Referring to Islington borough council's decision not to serve pork in any primary schools, Dawkins admitted the council had denied there was an outright ban. The council has promised to work with any school that wishes to serve pork.

But Dawkins said that the wish to respect the "beliefs" of four-year-old children, as one council spokesman had implied was the case, was inappropriate. 

"Religion is the one exception we all make to the rule: don't label children with the opinions of their parents," he said.

"Unlike national labels, religious labels carry a baggage of personal opinion. Catholics believe Jesus was born of a virgin mother who never died but was 'assumed' bodily into heaven. Mormons believe Jesus visited America and that Native Americans migrated from Israel."

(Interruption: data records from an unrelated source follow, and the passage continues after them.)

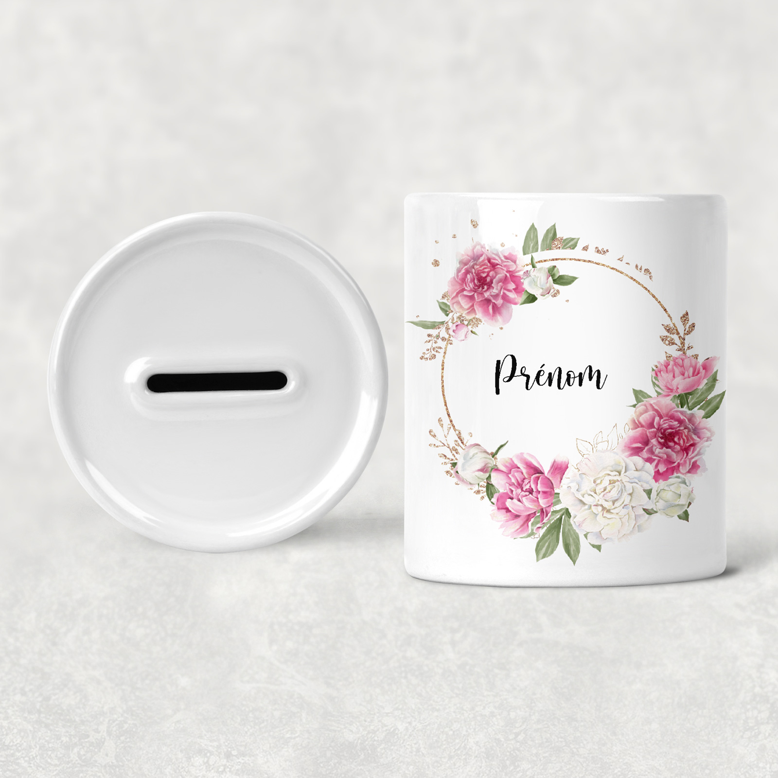www.lumalea.de > Kinder > Sparschweine > Anpassbarer Vorname > Personalisierte Sparschwein für Kinder - Blumen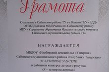 Район күләмендә үткәрелгән "Я- за мир на дорогах" конкурсында актив катнашкан өчен, бакчабыз ГРАМОТА белән бүләкләнде. Конкурста катнашкан һәр гаиләгә рәхмәтебезне белдерәбез.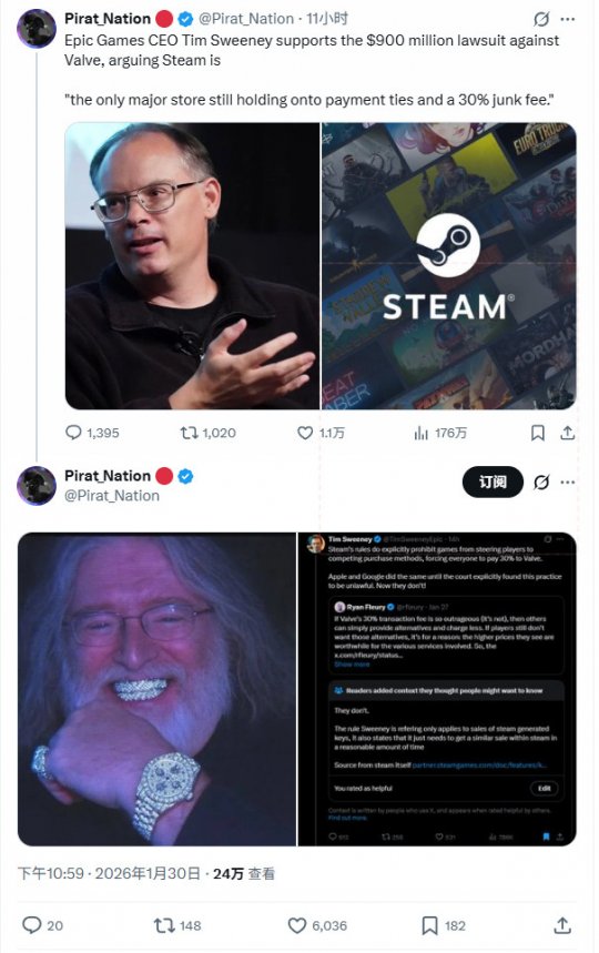 英国针对V社高达9亿美元诉讼近日获得竞争上诉法庭批准,将以集体诉讼形式继续推进。Epic Games CEO、同时也是Steam长期批评者的Tim Sweeney随即发声支持对V社的诉讼,他认为案件指控“站得住脚”。

At the very least it negates the ideal, held dear by all decent educationists, that children should be taught to think for themselves, he added.

He admitted that many of his Jewish friends, almost all atheists, see no harm in celebrating traditional festivals, and he himself enjoys cathedral carol services and harvest festivals in country churches.

"Tradition is fine where it amounts to songs or literature, styles of dress or architecture. But tradition is a terrible basis for ethics, or beliefs about the origin of the universe or the evolution of life," he added.

Later, backing a campaign by Atheist Ireland to overhaul the country's education system, he told The Irish Times: "There is a balancing act and you have to balance the rights of parents and the rights of children and I think the balance has swung too far towards parents... Children do need to be protected so that they can have a proper education and not be indoctrinated in whatever religion their parents happen to have been brought up in."